(Data extracted from a collection)
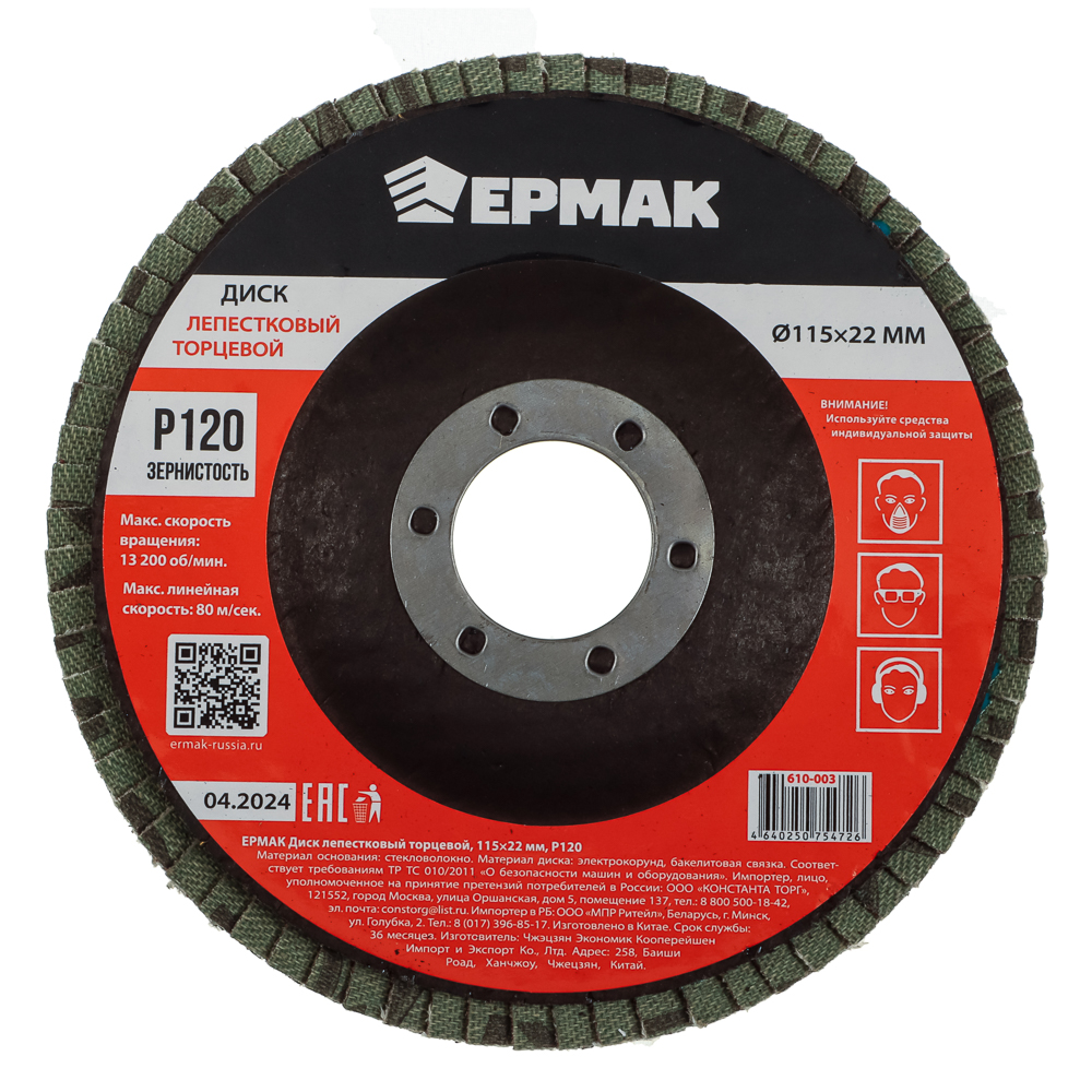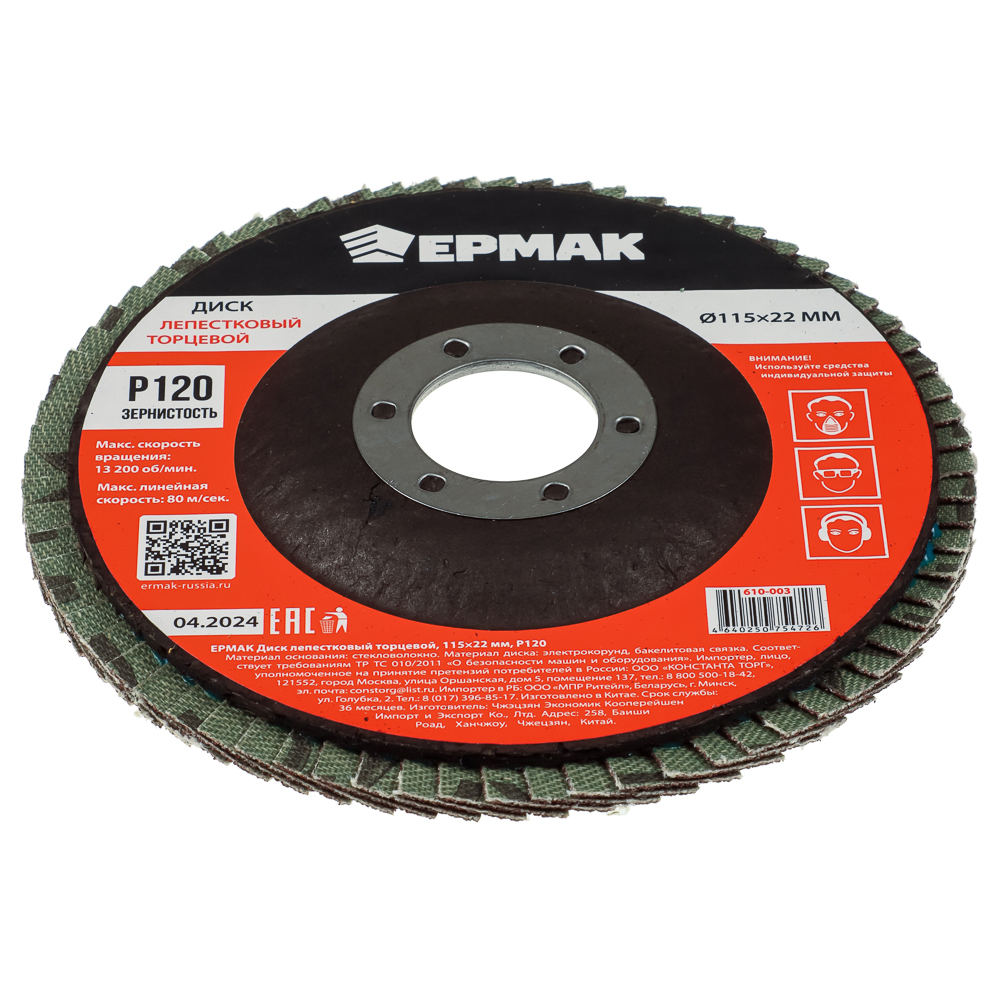 ЕРМАК Диск лепестковый торцевой 115x22мм p120
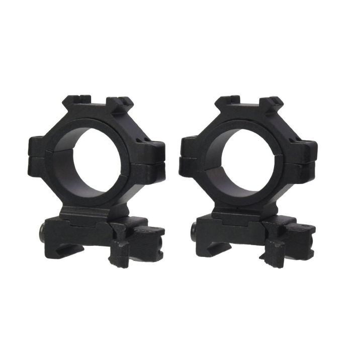 Lensolux richtkijker montage met Quick Release systeem, geschikt voor alle soorten lucht, sport en tactische geweren met weaver / picatinny (21,5 mm) rail. De producten zijn vervaardigd met behulp van de nieuwste CNC-machines beschikbaar, waarna elk onderdeel, voorafgaand aan de eindmontage met de hand wordt gecontroleerd. Dit zorgt ervoor dat de Lensolux montages een juiste uitlijning bieden met een solide en betrouwbare grip op je geweer en zo de nauwkeurigheid van uw richtkijker zal optimaliseren. Door het gebruik van de meegeleverde inserts is de Lensolux QR montage geschikt voor richtkijkers met een buisdiameter van 25,4 en 30 millimeter.
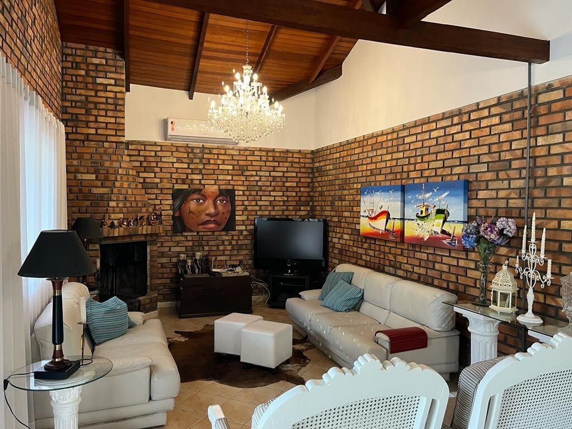 Sala de estar com TV e ar condicionado;
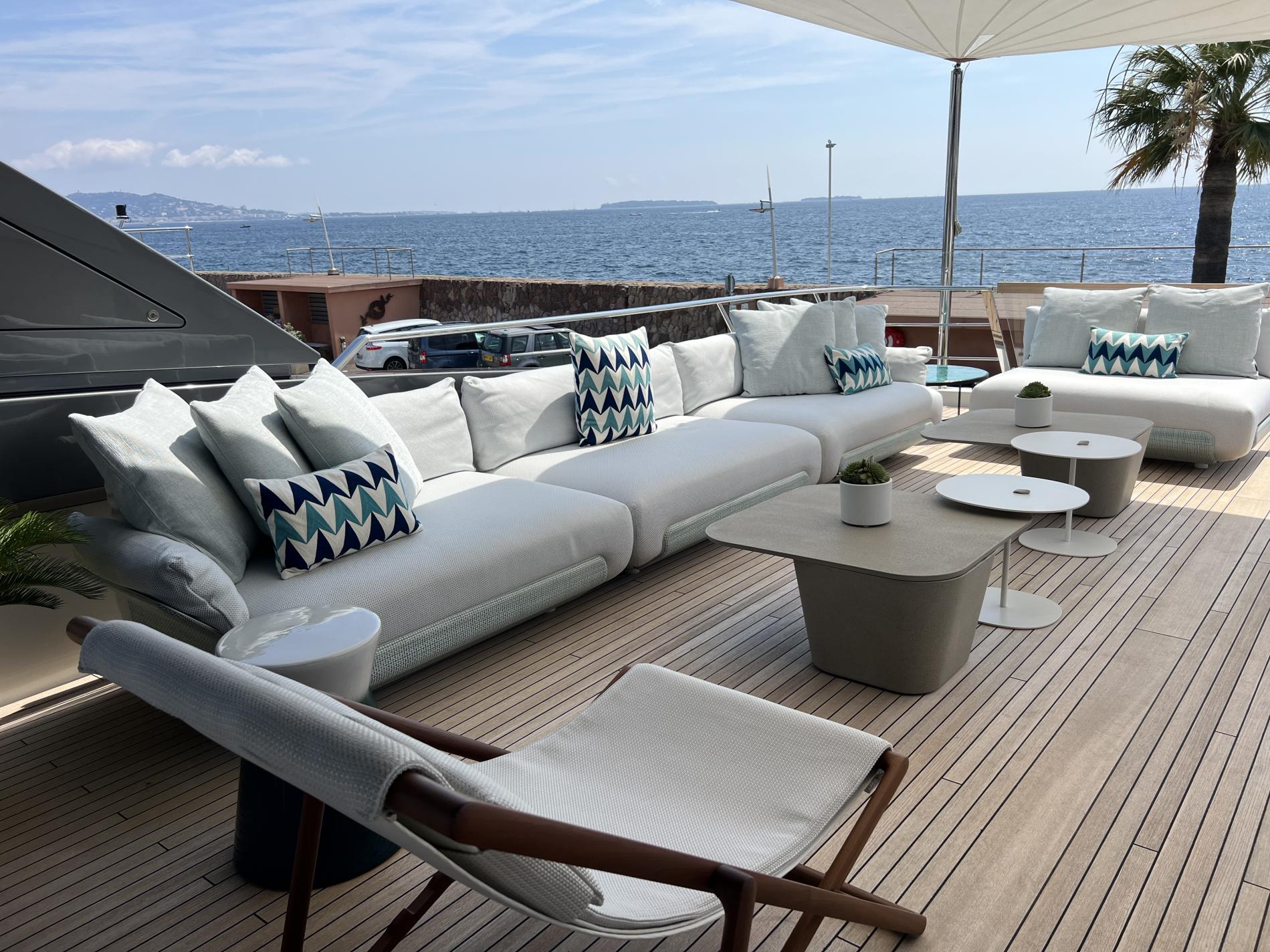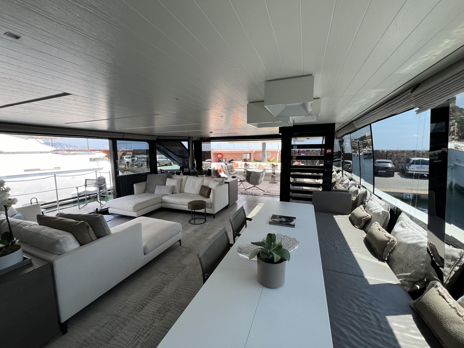 Step inside to see how this innovative configuration truly shines; panoramic windows flood the main salon with light while slide-open balconies bring guests closer to sea breezes. The interior is tastefully modern yet warm—think brushed oak finishes paired with soft natural hues throughout every corner of living space that combines relaxing lounges alongside elegant dining areas.
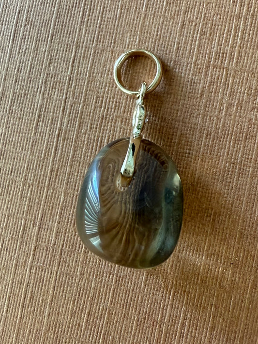 14k Solid Yellow Gold, Diamond, Lemon Quartz Tumbled Nugget Bead Pendant, Mini Size
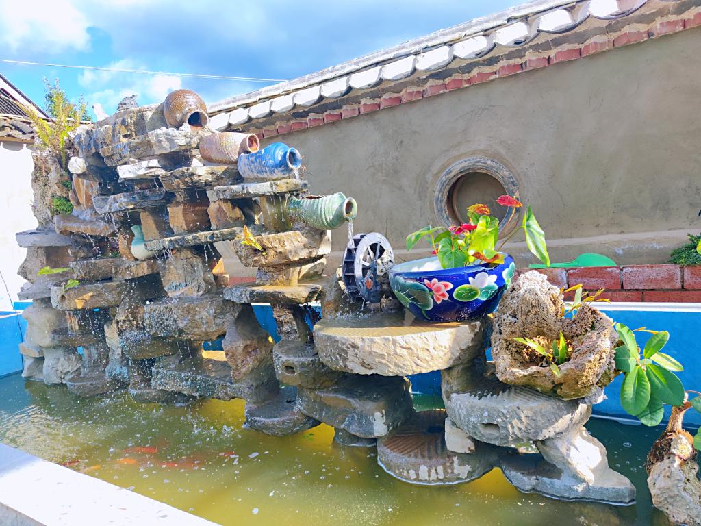 来到背阴村罗荣华家门口,首先映入眼帘的是一棵硕果累累的梨树,走进庭院,随处可见盆景绿植,右侧的假山,是由河中的石头、废弃的瓷器堆砌而成,潺潺流水,峰峦叠嶂,好有气势,宛如站立的勇士,守护着一家人的平安,水池中的鱼儿快乐的游来游去,将整个家点缀得生机勃勃。废弃的轮胎和各种花草,将墙面装点的别有洞天,放眼望去,整个院子清幽雅致。
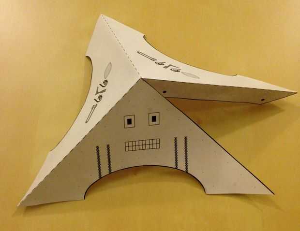 Después de doblar su pirámide robot debería verse como la segunda foto de arriba.

What to do - Here the job is to retype exactly the lines that start at the one containing "来到背阴村罗荣华家门口,首先" and run through the end of the records above, leaving out pictures.

Worked solution -
 来到背阴村罗荣华家门口,首先映入眼帘的是一棵硕果累累的梨树,走进庭院,随处可见盆景绿植,右侧的假山,是由河中的石头、废弃的瓷器堆砌而成,潺潺流水,峰峦叠嶂,好有气势,宛如站立的勇士,守护着一家人的平安,水池中的鱼儿快乐的游来游去,将整个家点缀得生机勃勃。废弃的轮胎和各种花草,将墙面装点的别有洞天,放眼望去,整个院子清幽雅致。
 Después de doblar su pirámide robot debería verse como la segunda foto de arriba.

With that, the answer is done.